I took the trouble to read the 2007 conference speech made by the right hon. Member for Kirkcaldy and Cowdenbeath (Mr Brown)—his first speech after becoming Prime Minister—in which he promised that Labour would provide 240,000 new homes a year. The following year, the figure for new homes was 115,000—the lowest since the 1920s. Labour said that it would build eco-homes, and it kicked off with five communities, which went up to 10. That was going to be the centrepiece of its housing policy, but none of the communities was ever built or developed. Labour presided over a period of regional spatial strategies, with a top-down “central Government know best” system, but that simply failed to push forward land for development.

The words in the motion are wrong, because things are starting to happen with housing. The Government’s policies have begun to bear fruit, and nationally nearly 400,000 new homes have been delivered since 2010, and starts are up by 23%. The improvement applies not only to owner occupation: 99,000 affordable homes have been delivered since 2011, which is halfway towards delivering the 170,000 homes that the Government seek to deliver by 2015.

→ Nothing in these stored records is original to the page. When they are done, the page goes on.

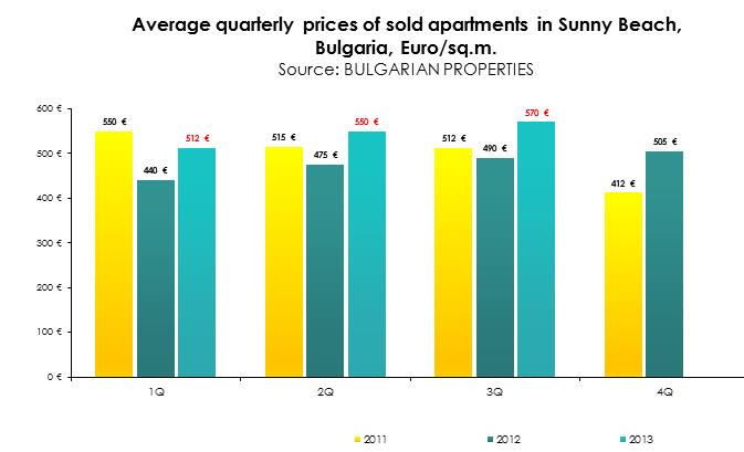 The average price of sold apartments in Sunny Beach for the third quarter of 2013, according to BULGARIAN PROPERTIES data, was 570 Euro/sq.m. compared to 490 Euro/sq.m. for the same period of 2012 and 550 Euro/sq.m. for the second quarter of 2013. The average price of the sold apartments was 33,700 Euro in 3Q 2013.
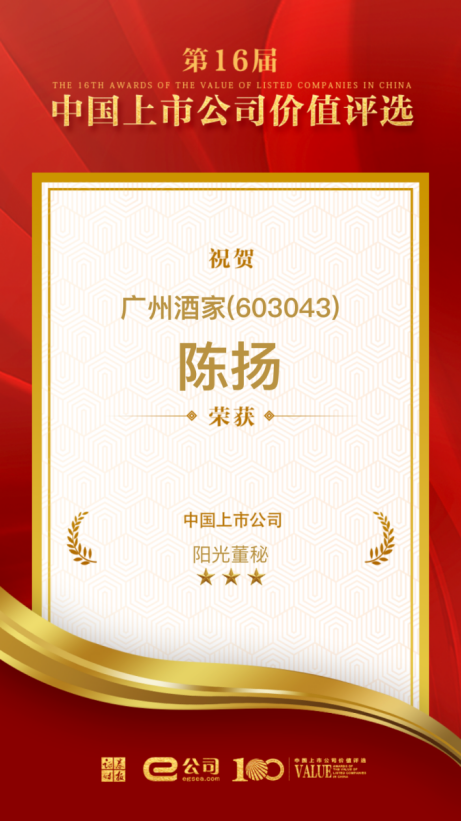 近日,由《证券时报》主办的第十六届中国上市公司价值评选获奖名单揭晓,广州酒家集团被评为“主板上市公司价值100强”。同时,集团党委书记、董事长徐伟兵被评为“年度领军人物”,董事会秘书陈扬被评为“阳光董秘”。
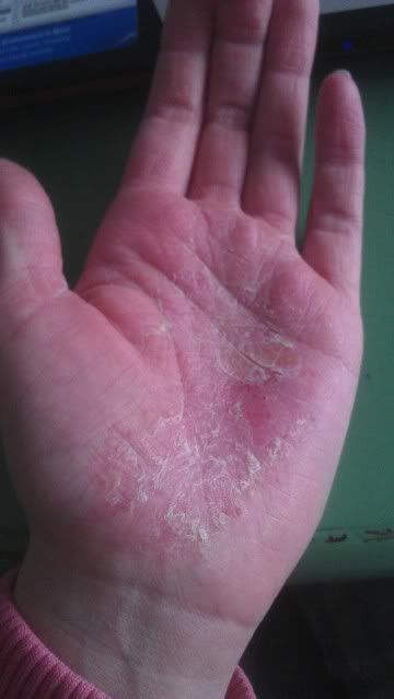 Dit lijkt heel erg erop wat ik op mijn handen heb. Gevoelig, droog en heel erg schilferig. Ik heb eczeem, denk dat jij dat ook hebt?
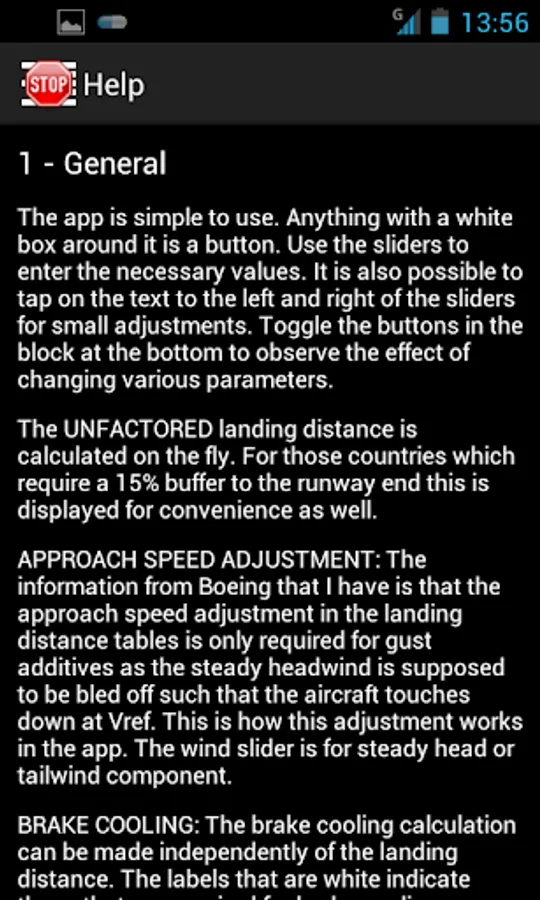 Runway overruns are one of a pilot's worst aviation nightmares. Recent change to some countries regulations require you to ensure you have a 15% buffer between your expected stopping distance based on the QRH figures and the actual runway length. You need a fast and accurate way to confirm that calculation you have done with the tables because it can be complex and you have to interpolate. You can make mistakes but this app, which uses the Boeing 737 QRH figures, is a backup to your manual calculation.

The Government’s initiatives to encourage home ownership are working. The Help to Buy scheme, which was launched in April 2013, is allowing people to get started on the housing ladder. There were 5,000 sales in the first six months and 1,000 house builders are registered. The importance of small and medium-sized developers has already been mentioned, and some 90% of the developers registered under Help to Buy are small or medium-sized companies. There are now 11 lenders covering the scheme. We are also meeting the aspirations of those in the social housing sector who wish to buy their own home by invigorating the right to buy.

My constituency is in the middle of England, and it sits in the middle of many statistics. In 2010, the number of new builds in Rugby fell by 62%, which was inconsistent with the level across the country as a whole, but in 2012-13, housing starts in the constituency increased by 260% to their highest level since 2007-08. Included in those figures is the gateway development of Eden Park, which the Housing Minister visited last February, where three developers are building 1,400 new homes—and selling them as fast as they can build them. The positive attitude to development in my constituency is reflected by an application for 6,200 new homes that will come before the local authority’s planning committee tomorrow, so things are moving across the country, especially in my constituency.

What would have happened if Labour was in power? With regard to measures on land banking, we have heard about state confiscation. The Home Builders Federation, the industry’s trade body, has said that there is no incentive for land banking.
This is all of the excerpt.